If I'm within 3 I'm good.

No one is going to hear/notice a difference.
 

eric_B

Senior Member
I have experienced the same, the snare side lugs can be trickier to tune to the same pitch.
Like I-P said, I wouldn't worry too much about it, get is as good as you can and it will be fine.

BTW: In fact, a trick to reduce (sympathetic) snare buzz is to loosen the 4 rods closest to the snare wires.
 

Quai34

Junior Member
Not helpful in a direct answer, but ..

If I'm within 3 I'm good.

No one is going to hear/notice a difference.
What do you mean, 3?? 3 Hertz you mean? But you really Hear the difference in the overtones, well, maybe it's my "keyboards payer mode" which is speaking to much, I met way more drummers who don't even tune their drums that some who are trying to tune the different shells with some intervals between them.
 

Quai34

Junior Member
I have experienced the same, the snare side lugs can be trickier to tune to the same pitch.
Like I-P said, I wouldn't worry too much about it, get is as good as you can and it will be fine.
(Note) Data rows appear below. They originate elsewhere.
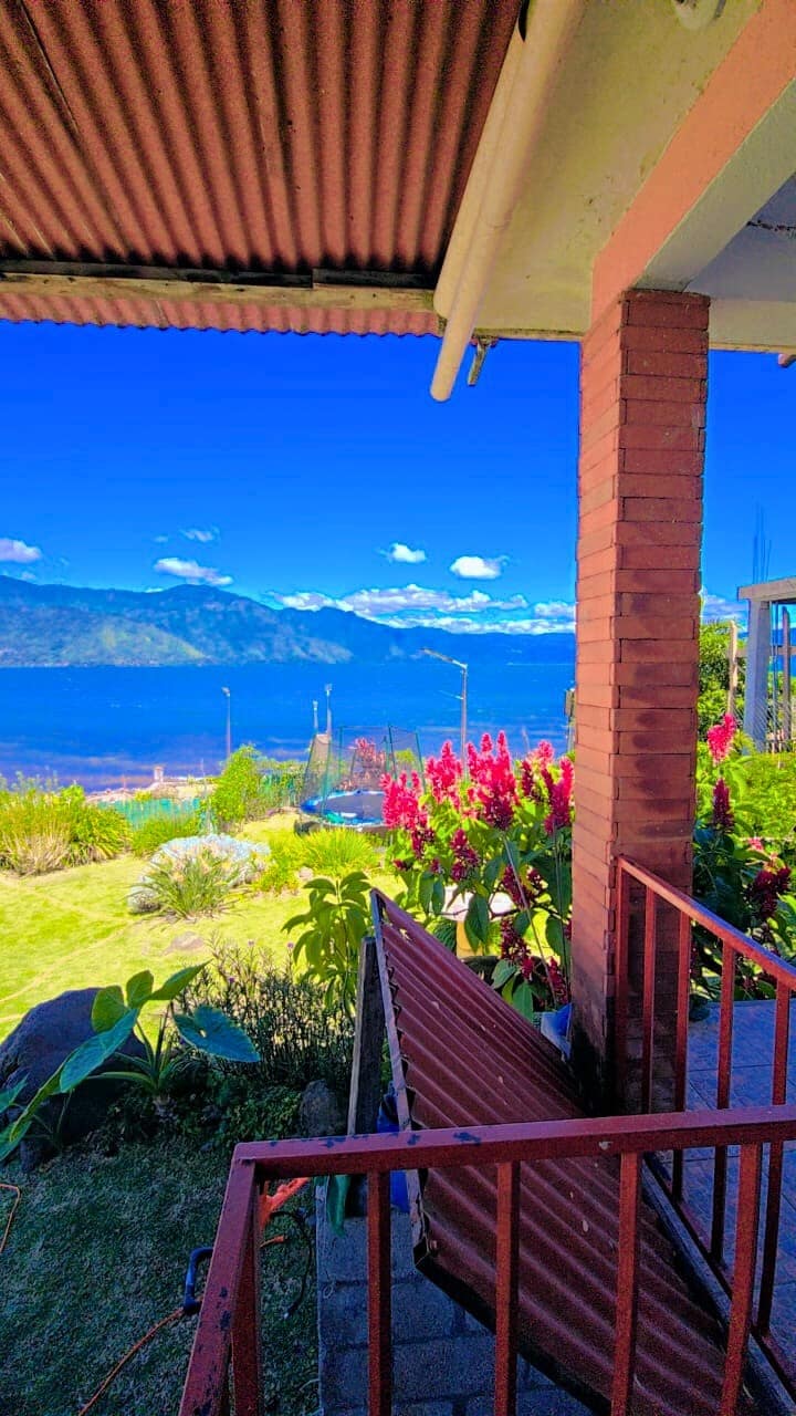 This brand new modern home is lakefront to Lake Atitlan Guatemala, the most beautiful lake in the world. Powered only by the sun, this green energy home has 3 bedrooms and 3.5 baths with a large hot tub, futbol (soccer) field, and modern dock. Come to relax and get away, and/or get some work done with highspeed Starlink internet with a powerful mesh wifi network. Residential area, yet only 5 min walk to restaurants/bars. The solar only heated hottub is not hot on rainy or cloudy days.
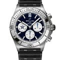 Мужские швейцарские часы-хронограф с секундомером Breitling Chronomat B01 42 NFL Dallas Cowboys Edition AB01342B1C1S1, механический механизм (автоматический калибр) с высокой точностью. Сапфировое стеклоСапфировое стеклоПрочный и надёжный материал из кристалла сапфира синтетического происхождения, характеризующийся особой твёрдостью и устойчивостью к царапинам и повреждениям. устойчивое к появлению царапин, обладающее высокой прозрачностью. Класс водозащиты: 200 метров, позволит плавать, нырять и заниматься другими водными видами спорта. Корпус часов изготовлен из нержавеющей стали. Браслет из каучука на раскладной застёжкеРаскладная застёжкаТакой тип застёжки используется только на браслетах из металла. Она никогда не раскрывается полностью, происходит разделение на 2 и более частей. Раскладывающая застёжка снизит вероятность потери часов к минимуму.. Стрелки и метки с люминесцентным покрытиемЛюминесцентное покрытиеПозволяет считывать показания времени в темноте. Производители наносят на стрелки, часовые индексы, безель или поверхность циферблата светонакопительный состав, дающий холодное свечение.. Шкала тахиметра на циферблате. Окошко даты находится в положении 6 часов.
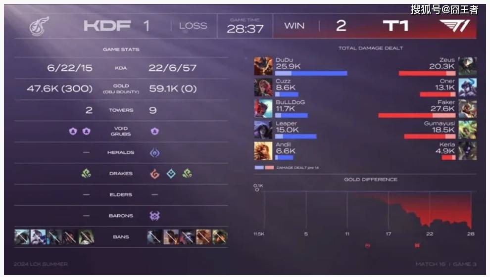 进入决胜局后,T1身为老牌豪门,选手比赛经验丰富的优势就显现无疑。他们从比赛一开始,就打出了节奏,12分钟左右,双方下路对拼,Faker飞机抓下,帮助T1一波打出0换3确立优势。天胡开局的T1得势后,疯狂大乱斗滚雪球,他们在30分钟的比赛里面,打出了22杠6杠57的KDA。这个数值,在LCK赛区里面,相当罕见。最终28分37秒,T1中路一波打出0换4后结束比赛。
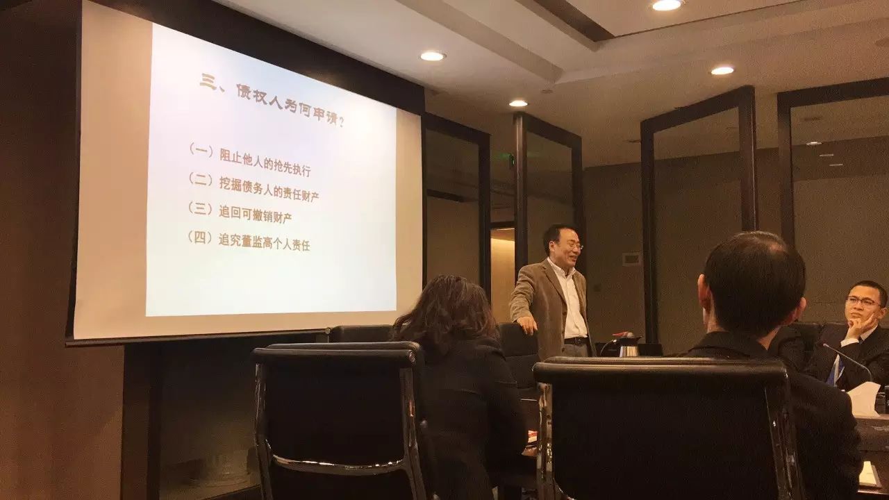 韩教授的本次讲座以破产申请的起因为切入点,对债务人和债权人申请破产的动机、程序、法律风险等问题进行了细致分析讲解。就债务人申请破产,韩教授介绍了其主要动机为获取自动冻结、停止计算(普通)利息、自行管理财产和营业等;而债权人申请破产的动机,韩教授认为主要在于阻止他人抢先执行、挖掘债务人责任财产、追回可撤销财产和追究董监高个人责任等。韩教授结合大量实证案例和美国立法例,为本所律师分析了我国企业破产过程中现存的相关法律问题,并对我国破产法制度的践行和完善提出了自己的看法。
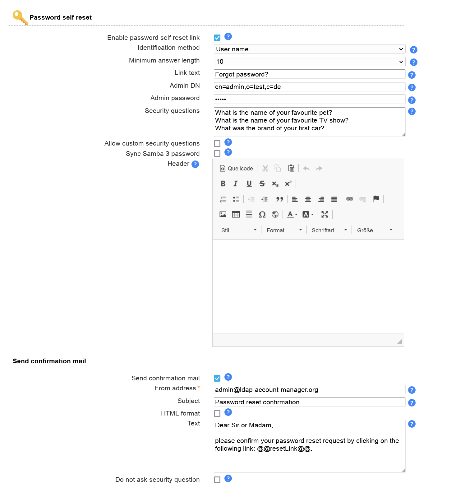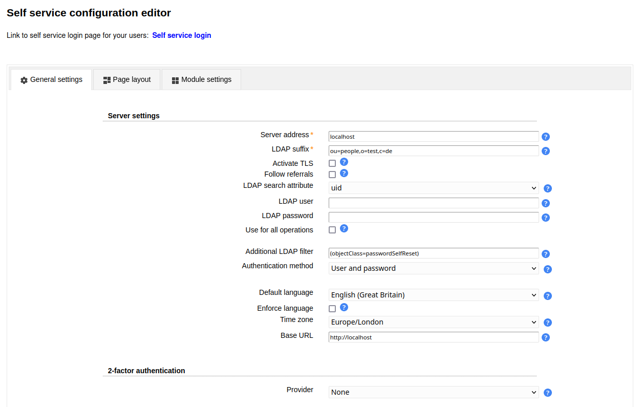 | Additional LDAP filter | Use this to enter an additional LDAP filter (e.g. "(objectClass=passwordSelfReset)") to reduce the number of accounts who may use self service. |
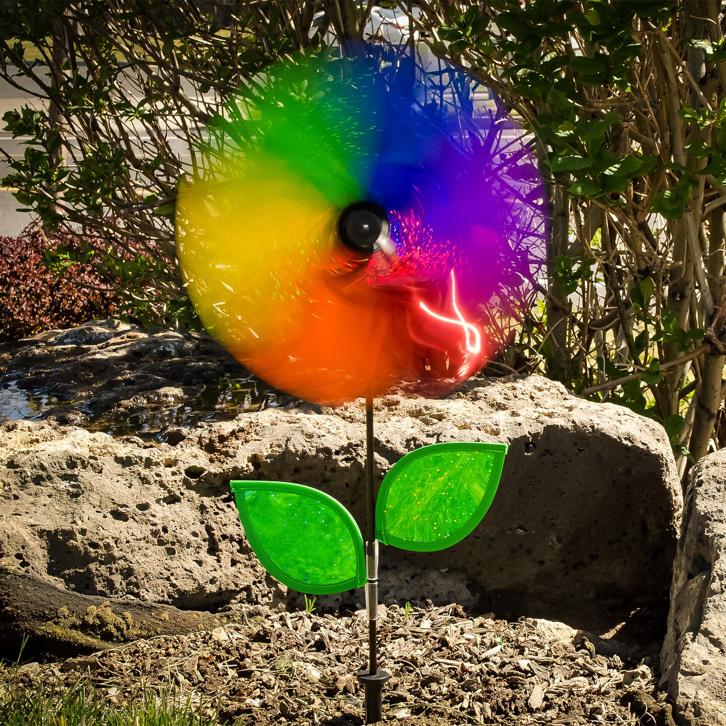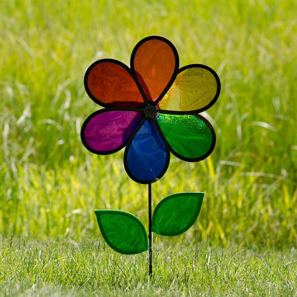 In the Breeze Rainbow Sparkle Flower Spinner with Leaves, 12"
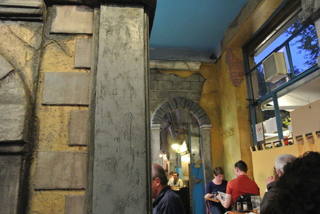 飲み物は、ビール。お客さんの8割がビール、1割1割がワインとソフトドリンクと言った感じで、ビールもジョッキに1,2杯。われわれも、ジョッキ1杯と大瓶を二人で1本。それで十分でした。とにかく、ピザはでかくて、チョーウマ。今回3,4軒いくつもりで、ここが一番期待度が大きかっただけに、激満足でありました。
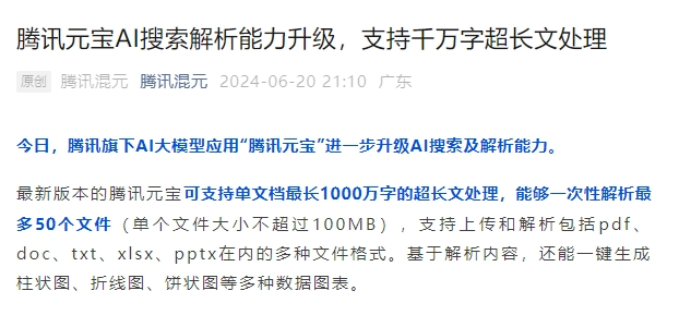 腾讯混元发文称,元宝可以对Excel表格进行解析,并生成柱状图。
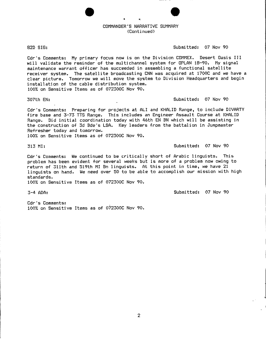 Subject = COMMANDERS NARRATIVE SUMMARIES NOV 90
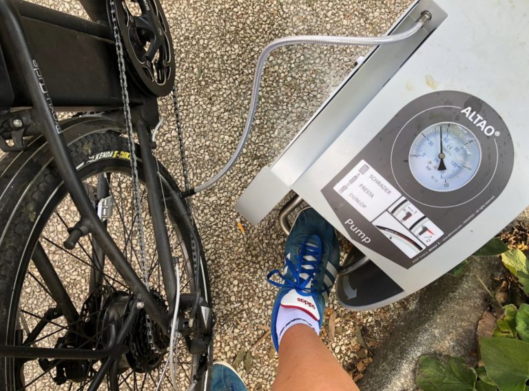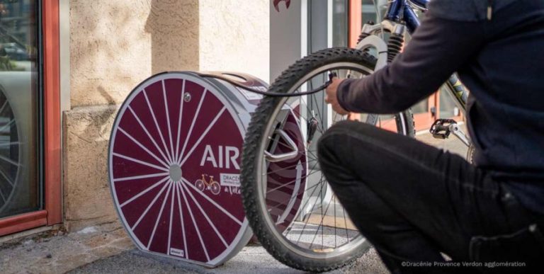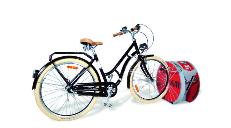 ALTAO® Pump satisface la primera necesidad de servicio de los ciclistas: ¡el inflado! La estación ALTAO® Pump no necesita obra ni electricidad: el ciclista bombea con el pie para inflar su bicicleta. Por lo tanto, se puede instalar en un abrir y cerrar de ojos y en cualquier lugar y se puede utilizar con todo todo tipo de válvulas (Presta, Schrader y Dunlop).
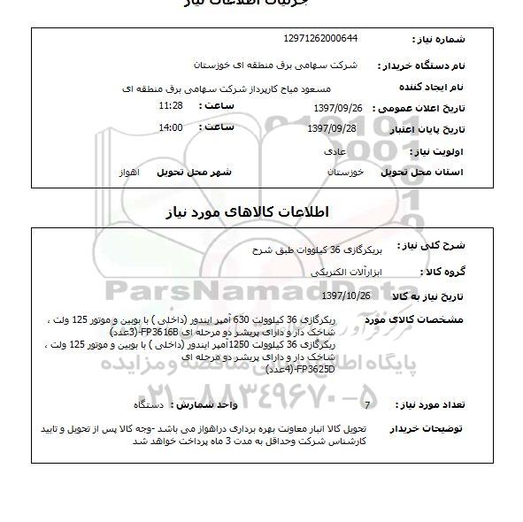 شرح کلی نیاز: بریکرگازی 36 کیلووات طبق شرح
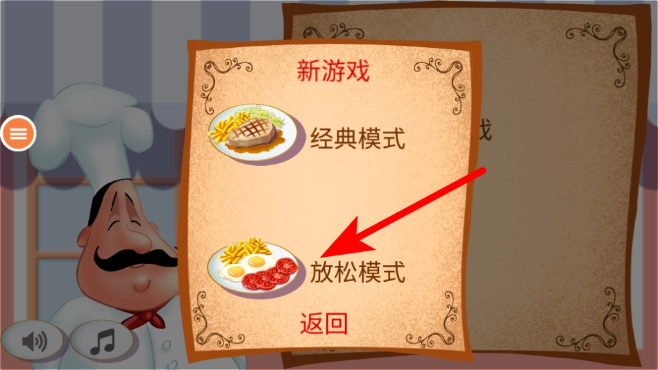 1、在厨房模拟器的模式选择页,点击放松模式选项,进入该模式的烹饪关卡。
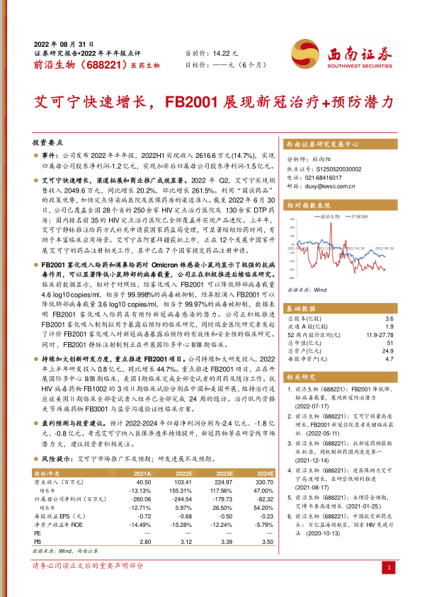 前沿生物在2022年上半年展现出核心产品艾可宁的强劲增长势头,通过深化渠道覆盖和拓展国际市场,其销售收入实现显著提升。同时,公司在新冠治疗药物FB2001的研发上取得了突破性进展,临床前数据表明其在抗病毒和预防新冠感染方面具有巨大潜力,相关临床研究正在积极推进。尽管公司目前仍处于亏损状态,但持续加大的研发投入和多管线创新药物的并行开发,为公司未来的市场竞争力和盈利能力奠定了基础。投资者应关注艾可宁的市场推广进展以及FB2001等创新药物的临床研究成果,同时警惕市场推广和研发进展不及预期的风险。
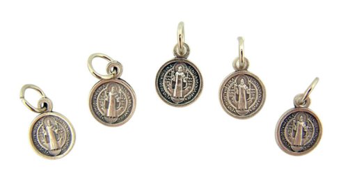 Lot of 5 Saint St Benedict Medal 1/2 Inch Silver Tone Evil Protection Charm
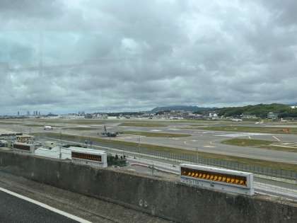 福岡都市高速道路を北上中。右手に福岡空港が見えます。
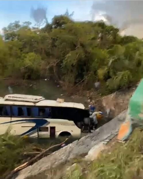 La tarde de este miércoles se registró un accidente en la carretera que conduce a Ciudad Valles; un autobús con turistas volcó y cayó a un arroyo en la comunidad La Hincada en el municipio de El Naranjo.
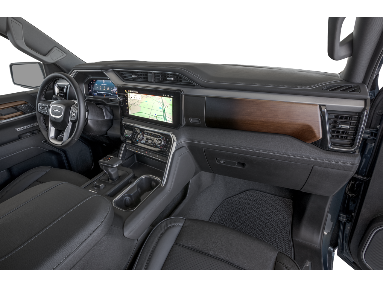 Denali Reserve Package (GMC MultiPro Power Steps, Power Sunroof, Wheel Locks (Set of 4) (LPO), and Wheels: 22" x 9" Painted Aluminum), Preferred Equipment Group 5SA (120-Volt Bed Mounted Power Outlet, 120-Volt Interior Power Outlet, 170 Amp Alternator, 2 Charge/Data USB Ports Inside Center Console, 2 Type-C Charge-Only Rear USB Ports, 2 USB Ports, Auto-Locking Rear Differential, Auxiliary External Transmission Oil Cooler, Bed View Camera, Chrome Header w/Signature Denali Chrome Grille, Chrome Recovery Hooks, Chrome Wheel To Wheel Assist Steps, Color-Keyed Carpeting Floor Covering, Deep-Tinted Glass, Electric Rear-Window Defogger, Floor-Mounted Center Console, Front Rain-Sensing Wipers, HD Surround Vision, Heated 2nd Row Outboard Seats, Heated Driver & Front Outboard Passenger Seating, Heavy-Duty Air Filter, Hill Descent Control, Hitch View, In-Vehicle Trailering System App, Integrated Trailer Brake Controller, Keyless Open & Start, LED Cargo Area Lighting, OnStar Services Capable, Perimeter Lighting, Power Door Locks, Power Front Passenger Windows w/Express Up/Down, Power Front Windows w/Driver Express Up/Down, Power Rake & Telescoping Steering Column, Power Rear Windows w/Express Down, Power Sliding Rear Window w/Rear Defogger, Premium Bose 7-Speaker Sound System, Push Button Start, Rear Cross Traffic Braking, Rear Pedestrian Detection, Rear Wheelhouse Liners, Remote Vehicle Starter System, SiriusXM w/360L Trial Subscription, Spray-On Pickup Bedliner w/GMC Logo, Steering Wheel Audio Controls, Theft Deterrent System (Unauthorized Entry), Trailer Camera Provisions, Trailer Side Blind Zone Alert, Ultrasonic Front & Rear Park Assist, Universal Home Remote, Ventilated Driver & Front Passenger Seats, Wi-Fi Hotspot Capable, and Wireless Charging), Technology Package (Multicolor 15" Diagonal Head-Up Display and Rear Camera Mirror), Trailering Package (Hitch Guidance), 10-Speed Automatic, 4WD, Black Leather, 12-Way Power Driver Seat Adjuster w/Lumbar, 12-Way Power Passenger Seat Adjuster w/Lumbar, 220 Amp Alternator, 3.23 Rear Axle Ratio, 4-Wheel Disc Brakes, 7 Speakers, ABS brakes, Adaptive suspension, Air Conditioning, Alloy wheels, AM/FM radio: SiriusXM with 360L, Apple CarPlay/Android Auto, Auto High-beam Headlights, Auto-dimming door mirrors, Auto-dimming Rear-View mirror, Automatic temperature control, Body Color Wheel Arch Moldings (LPO), Brake assist, Buckle to Drive, Bumpers: body-color, Compass, Delay-off headlights, Denali Premium Suspension w/Adaptive Ride Control, Driver door bin, Driver Memory, Driver vanity mirror, Dual front impact airbags, Dual front side impact airbags, Electronic Stability Control, Emergency communication system: OnStar, Engine Block Heater, Enhanced Automatic Emergency Braking, Following Distance Indicator, Forge Perforated Leather Seat Trim, Forward Collision Alert, Front anti-roll bar, Front Bucket Seats, Front Center Armrest, Front dual zone A/C, Front fog lights, Front License Plate Kit, Front Pedestrian Braking, Front reading lights, Front wheel independent suspension, Fully automatic headlights, Garage door transmitter, Genuine wood console insert, Genuine wood dashboard insert, Genuine wood door panel insert, Heated door mirrors, Heated front seats, Heated rear seats, Heated steering wheel, Illuminated entry, IntelliBeam Automatic High Beam On/Off, Lane Keep Assist w/Lane Departure Warning, Low tire pressure warning, Memory seat, Navigation System, Occupant sensing airbag, Outside temperature display, Overhead airbag, Overhead console, Panic alarm, Passenger door bin, Passenger vanity mirror, Power door mirrors, Power driver seat, Power passenger seat, Power steering, Power windows, Radio data system, Radio: Premium GMC Infotainment Audio System, Rain sensing wipers, Rear reading lights, Rear seat center
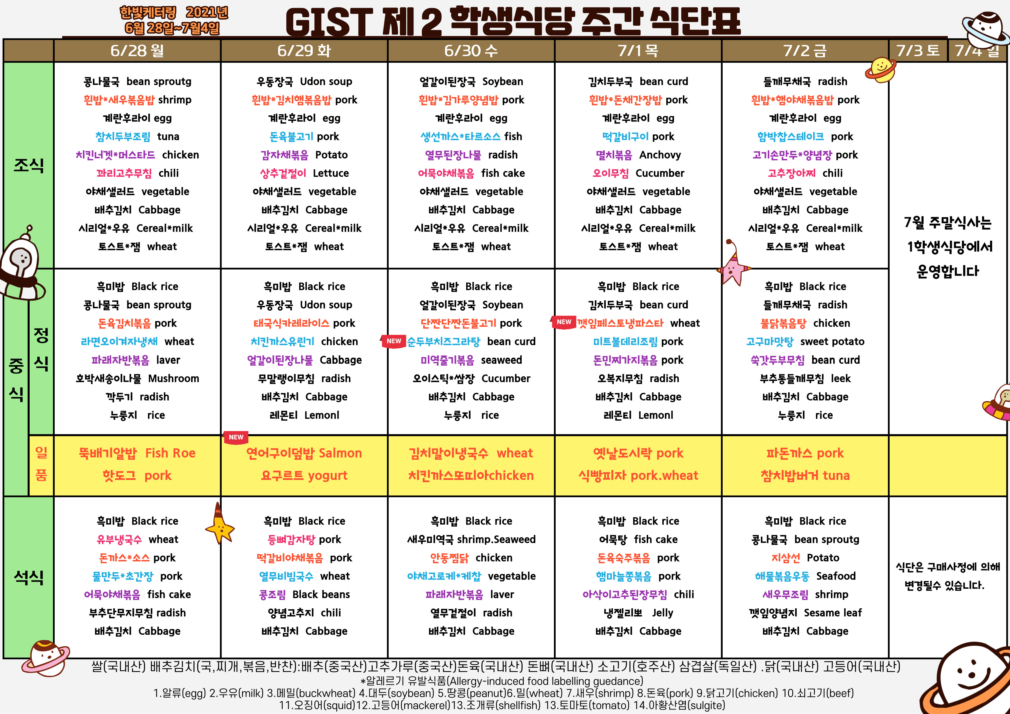 제2학생식당주간식단표(2021.06.28~2021.07.04)

BTW: In fact, a trick to reduce (sympathetic) snare buzz is to loosen the 4 rods closest to the snare wires.
Yes, that's it, I knew they were something like that but couldn't remember in which way it was, loosening snare rods or tightening the others....heuuuu, it's the same in fact...well, stupid me!!! Ok, I still when some wrinkles on the sands side head if the Dunnet, is it normal? Just in the bed only, is it because the bed are so large that the head has a tough time really conforming to the edge? They are straight edge as well, is it a reason too? I wanted to contact Ron Dinner but his contact form doesn't work, anyone having an email of some sort?
I also whatcha again Rob Brown and Benny Greg video on thing and I loosened my snare wires, too tight they were...if I want less sustain, I use dampening, not tightening the snares...
Tehnthing is that it's. It sympathetic buzz, I'm sure, I what that route few months ago and with your help, on this forum, I solved it on tuning the snares to a different note than the Toms:
Toms are C3 Floor Tom 16", (I will tune the snare/Tom 15" in E3), 13" is G3, 12" is B3 and 10" is E4. Then, Snares are F#3 (Sendan), G#3 (Benny Greg Brass), A#3 (Tama Maple 5"), plus also some in A3 (Dunnet)....I have just a little normal sympathetic buzz but it took me really a while to get to it and make it work!!!
Ok, my issue is that, with the weather going crazy from 12 C with raining up to 37C and still humid, the single ply move a lot, 1/2 a step to even one step, Tama Sendan went from F# to G#, Benney Greg brass didn't move a nail, and Tama Maple 5" went from A#3 to B3!!! I think the snare head is a bit more than 400 hrtz, tunebot says not to go over 400. It the snare did it a?one so, I hope it won't change the snare and/or the head right?
Let me know
 

C. Dave Run

Gold Member
Ok, my issue is that, with the weather going crazy from 12 C with raining up to 37C and still humid, the single ply move a lot, 1/2 a step to even one step, Tama Sendan went from F# to G#, Benney Greg brass didn't move a nail, and Tama Maple 5" went from A#3 to B3!!! I think the snare head is a bit more than 400 hrtz, tunebot says not to go over 400. It the snare did it a?one so, I hope it won't change the snare and/or the head right?
The humidity is causing the wood drums to expand slightly, this is why your head tension went up. The wood is absorbing some extra moisture. Humidity does not affect brass in the same way, therefore the drum is not effected.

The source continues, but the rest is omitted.